A bad day turned good
This evening, I made a confession and felt liberation I haven't felt in a long time.
And had a nice dinner.
Anyway, Chris and I will be down at Keypoint for the FutureBrand finals tomorrow! Wish us luck! Babe, I'm so glad we did this together, really!
For once I go to bed with my mind at ease.
Well, mostly.
Last night, I woke up in the middle of the night wanting something to cuddle. So I groped around the bed for my rabbit (in the dark) and couldn't find anything. And wondered why on earth my bed felt so wonderfully neat and clutter free (my bed is currently in a mess with clothes and other random stuff.) I figured my little bunny must have dropped onto the floor so I started reaching to the floor from my lying position. And I realized, the fridge wasn't next to my bed anymore!
A bout of confusion (as to whether I was dreaming or awake) later, I remembered I wasn't on my own bed.
This morning, I woke up. And wondered where I was. I thought I was in a hospital (like one of those dramas where someone faints, wakes up in the hospital and says, 'Where am I?') Being too zonked out, I decided to go back to sleep first and figure it out later.
Then my friend woke me up and I remembered I wasn't on my own bed.
[The above is for the courtesy of my friend who enquired on how well I slept last night.]
I had my first piano lesson since I was 16 today. I feel like I have so much to learn. I gave it up once and sorely regretted it. My second chance came along with the piano ensemble. I hope I don't find that I've to give it up again.
Otherwise, the day was spent with my purple friend. I can only describe it as delightfully... purple (because that's our favourite colours!). Much to our utter embarrassment, we ate at Vivocity's Sushi Tei for both lunch and dinner. Both times, I got my salad fix with extra dressing and it was really EXTRA. That aside, we spent the day stoning around the place where we met, followed by a walk around vivocity/harbourfront to indulge in our secret quirks that no normal person will ever comprehend.

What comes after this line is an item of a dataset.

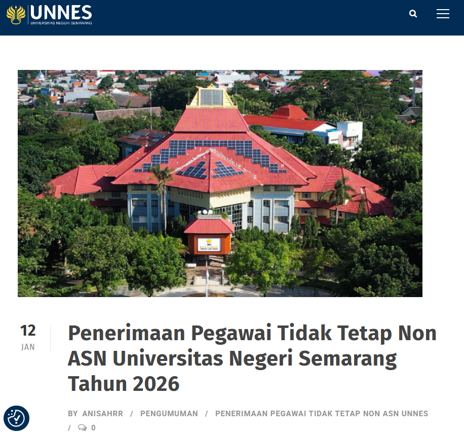 Universitas Negeri Semarang (UNNES) membuka Penerimaan Pegawai Tidak Tetap Non ASN Tahun 2026 berdasarkan Pengumuman Nomor: B/1756/UN37/KP.04.00/2026. Rekrutmen ini ditujukan untuk memenuhi kebutuhan sumber daya manusia guna mendukung pelaksanaan kegiatan akademik dan nonakademik di lingkungan UNNES. Seleksi terbuka bagi Warga Negara Indonesia yang memenuhi persyaratan umum dan persyaratan khusus sesuai ketentuan.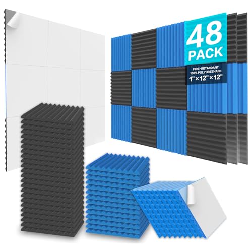 JBER Lot de 48 panneaux acoustiques en mousse, 2,5 x 30,5 x 30,5 cm, pour studio, insonorisation, ignifugés, forme crantée, dos adhésif, noir et bleu

But it's okay, because we do. And it makes us laugh and be merry.
[Purple friend- someday we'll be 'good people', then laugh at our current state just as we now laugh at our previous state! Oh wait, I think we are already laughing.]
LYNN DID IT! =)
Now I wish I was there.
But you did it! =) =) =) If I were there with you I'd surely hug you no matter how stinky you are.
On a separate note, I've abstained from caffine and that-which-I-have-no-more-excuses-for for 3 days, 4th day going. I almost went nuts on thursday/friday from all the headaches and periodic naps.
Let go of the challenge.
Dear Lynn, I'm sorry, but I'm really so proud of you for going! I'll be hoping for you all the way and I'll be so proud of you when you do it! Good luck!
I really lost that drive, but I'll find it back before next year's marathon. First, I'll run the army half marathon for the third time, then this time, really try for the full marathon in Dec.